[Stored entries]
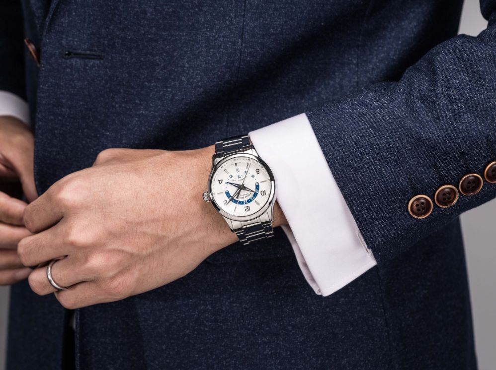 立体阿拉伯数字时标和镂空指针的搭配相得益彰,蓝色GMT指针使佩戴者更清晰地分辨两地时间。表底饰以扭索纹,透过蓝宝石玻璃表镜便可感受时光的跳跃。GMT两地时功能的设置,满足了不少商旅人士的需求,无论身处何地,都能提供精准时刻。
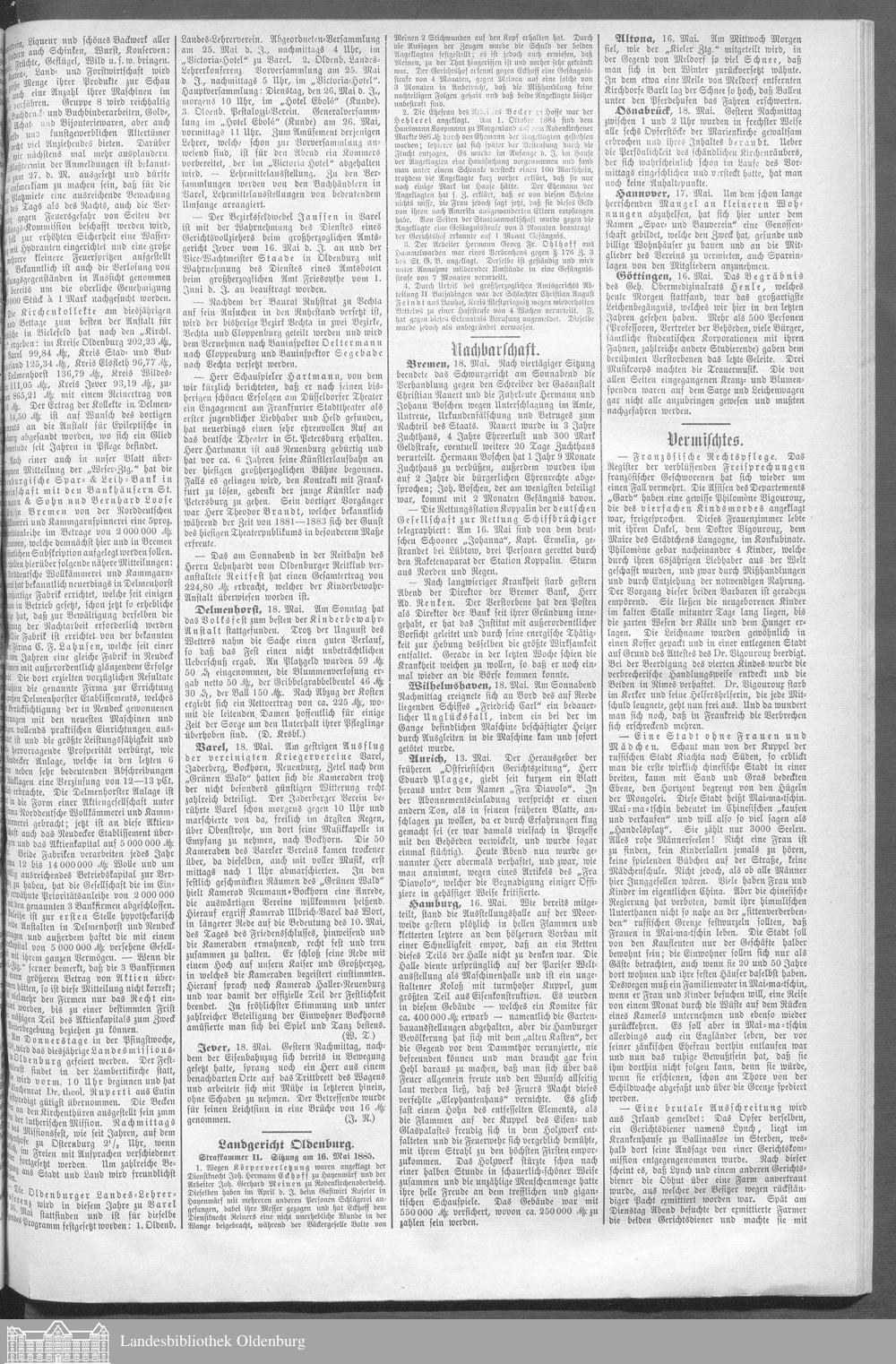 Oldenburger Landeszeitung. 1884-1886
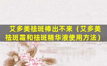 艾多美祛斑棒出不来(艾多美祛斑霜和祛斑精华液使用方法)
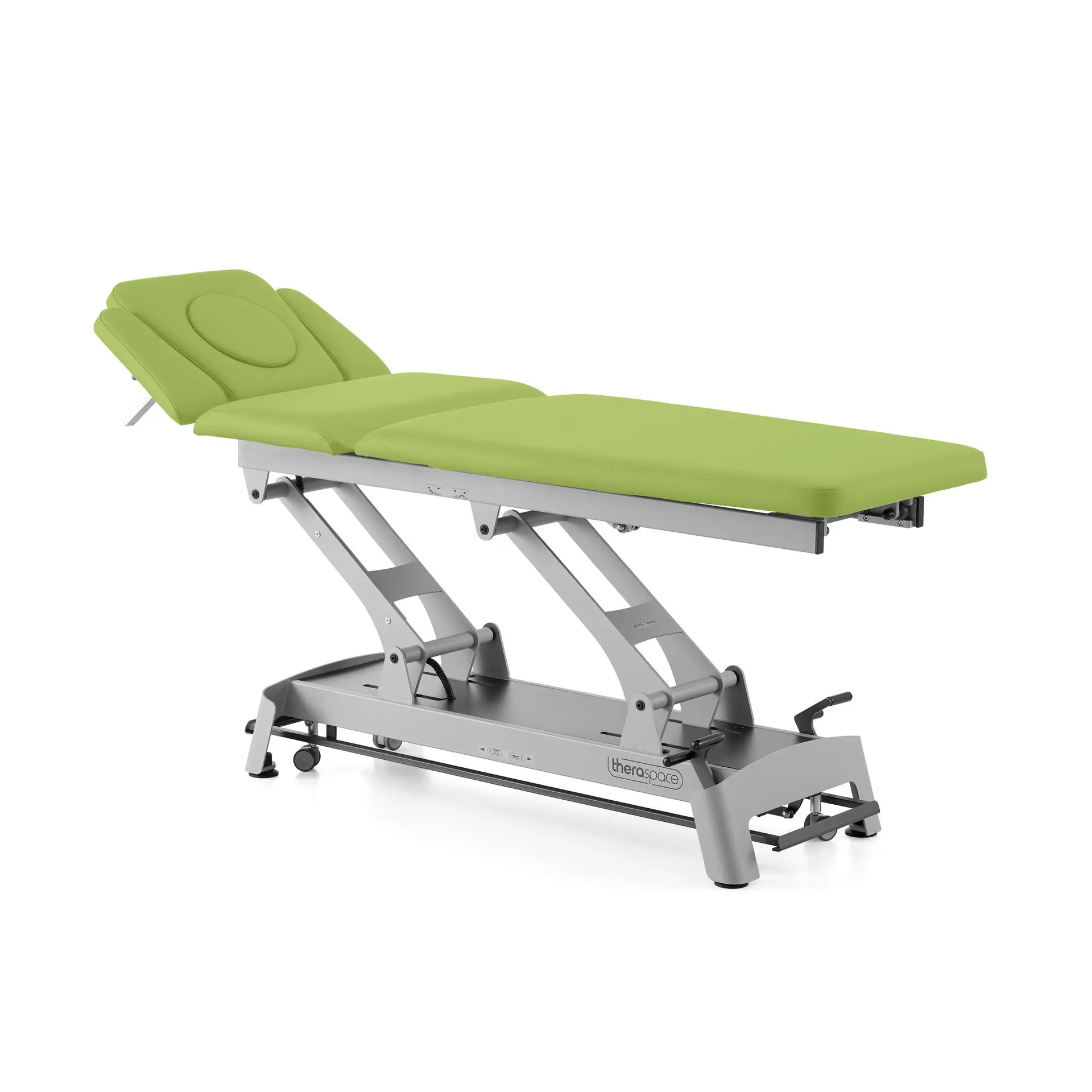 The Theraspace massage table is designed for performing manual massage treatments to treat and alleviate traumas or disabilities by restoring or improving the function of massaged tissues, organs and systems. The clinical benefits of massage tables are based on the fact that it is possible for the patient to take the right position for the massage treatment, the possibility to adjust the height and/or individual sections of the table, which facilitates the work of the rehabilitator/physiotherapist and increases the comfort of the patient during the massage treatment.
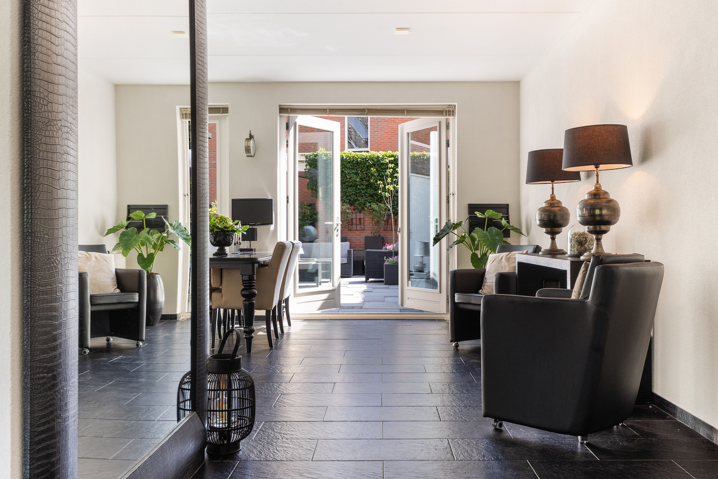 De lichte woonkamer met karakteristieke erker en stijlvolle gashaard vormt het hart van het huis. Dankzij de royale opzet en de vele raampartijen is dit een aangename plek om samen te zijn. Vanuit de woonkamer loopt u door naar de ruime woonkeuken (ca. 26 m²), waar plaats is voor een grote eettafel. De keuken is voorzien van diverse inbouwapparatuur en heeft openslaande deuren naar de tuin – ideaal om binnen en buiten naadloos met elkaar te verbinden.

* Assigned task *
Transcribe every entry word for word, but omit the pictures.

* Solution *
 立体阿拉伯数字时标和镂空指针的搭配相得益彰,蓝色GMT指针使佩戴者更清晰地分辨两地时间。表底饰以扭索纹,透过蓝宝石玻璃表镜便可感受时光的跳跃。GMT两地时功能的设置,满足了不少商旅人士的需求,无论身处何地,都能提供精准时刻。
 Oldenburger Landeszeitung. 1884-1886
 艾多美祛斑棒出不来(艾多美祛斑霜和祛斑精华液使用方法)
 The Theraspace massage table is designed for performing manual massage treatments to treat and alleviate traumas or disabilities by restoring or improving the function of massaged tissues, organs and systems. The clinical benefits of massage tables are based on the fact that it is possible for the patient to take the right position for the massage treatment, the possibility to adjust the height and/or individual sections of the table, which facilitates the work of the rehabilitator/physiotherapist and increases the comfort of the patient during the massage treatment.
 De lichte woonkamer met karakteristieke erker en stijlvolle gashaard vormt het hart van het huis. Dankzij de royale opzet en de vele raampartijen is dit een aangename plek om samen te zijn. Vanuit de woonkamer loopt u door naar de ruime woonkeuken (ca. 26 m²), waar plaats is voor een grote eettafel. De keuken is voorzien van diverse inbouwapparatuur en heeft openslaande deuren naar de tuin – ideaal om binnen en buiten naadloos met elkaar te verbinden.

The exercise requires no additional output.